"One leg of a right triangle is 50.A line parallel to the other leg and at a distance of 20 from that leg cuts off a right trapezoid of area 320. What is the area of the original right triangle?"
To find the area of the original right triangle, we need to first find the length of the other leg.
Let's assume the length of the other leg is 'x'. We know that one leg is 50, so the legs of the right triangle are 50 and x.
The line parallel to the second leg and at a distance of 20 from it cuts off a right trapezoid of area 320.
Since the line is parallel to the second leg, the trapezoid's height is 20. Let's call the lengths of the parallel sides 'a' and 'b'.
The formula for calculating the area of a trapezoid is:
Area = (1/2)(a + b)(h)
where 'h' is the height of the trapezoid.

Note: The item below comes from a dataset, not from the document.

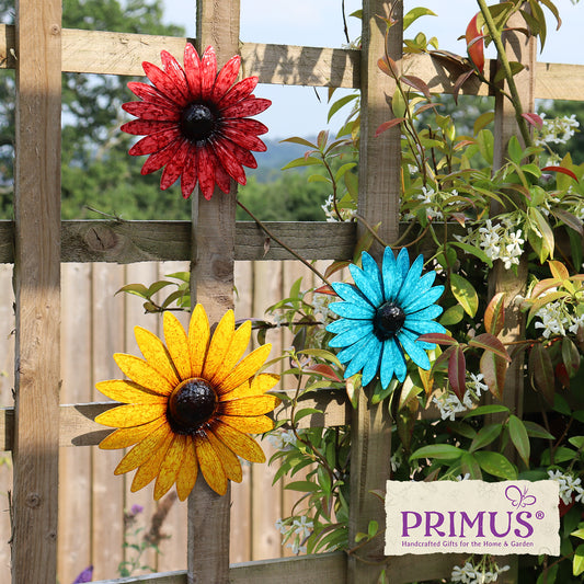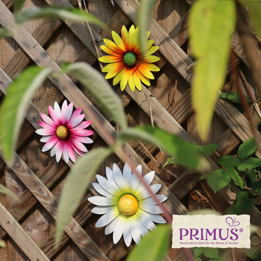 Set of 3 Metal Wall Mounted Glossy Daisies
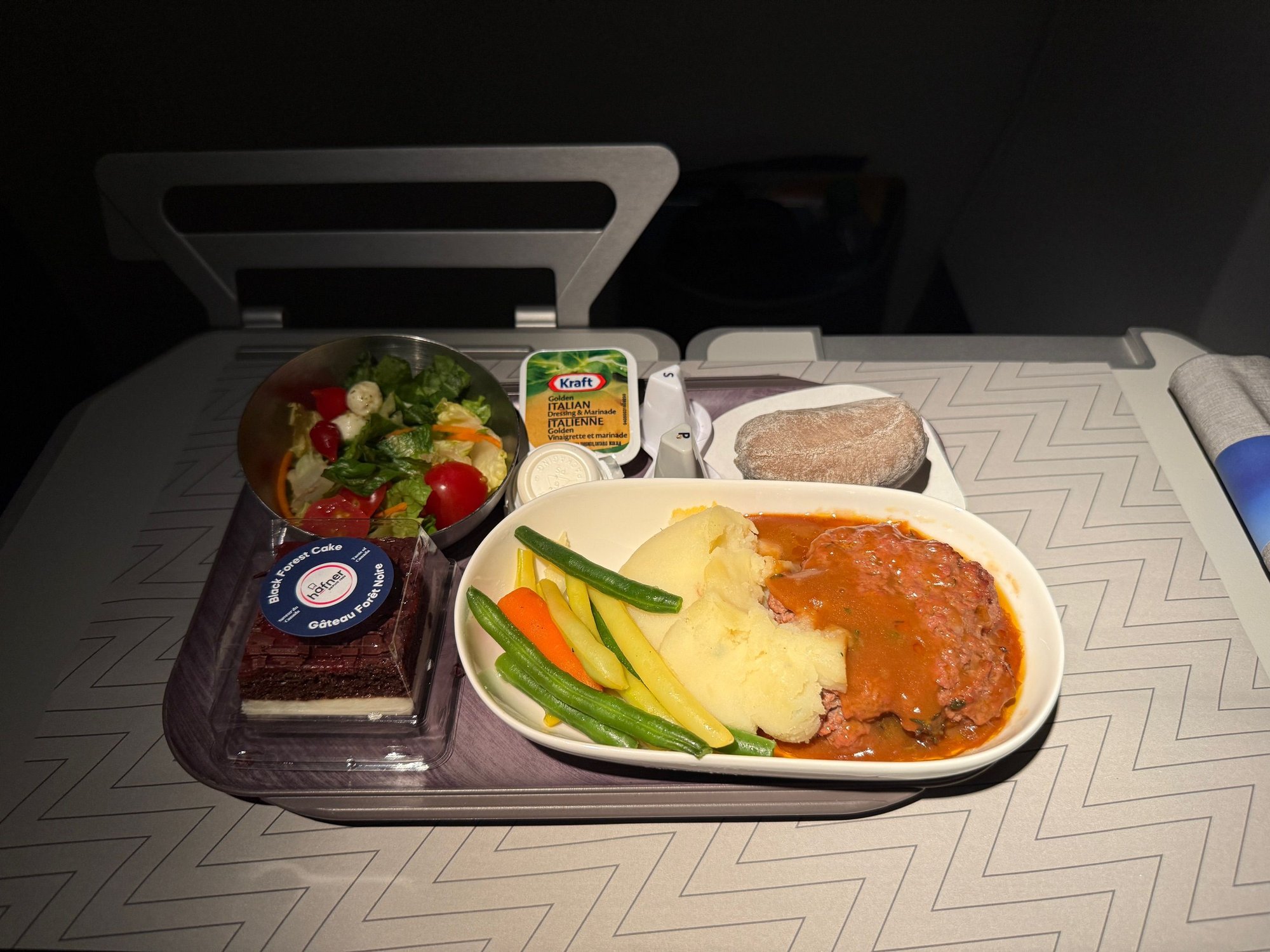 YYZ-YXE. Can't recall what the dish was called. Menus were offered. Late night flight so not a lot of interaction with the crew.

We know the area of the trapezoid is 320, so we can write the equation:
320 = (1/2)(a + b)(20)
Now, let's simplify the equation. Since we have a right trapezoid, we know that the two parallel sides are equal in length. So, we can replace 'a' with 'b'.
320 = (1/2)(x + x)(20)
320 = (1/2)(2x)(20)
320 = 20x
Now, let's solve for 'x':
20x = 320
x = 320/20
x = 16
Therefore, the length of the other leg of the right triangle is 16.
To find the area of the right triangle, we can use the formula:
Area = (1/2)(base)(height)
In this case, the base is 50, and the height is 16.
Area = (1/2)(50)(16)
Area = 400
Therefore, the area of the original right triangle is 400.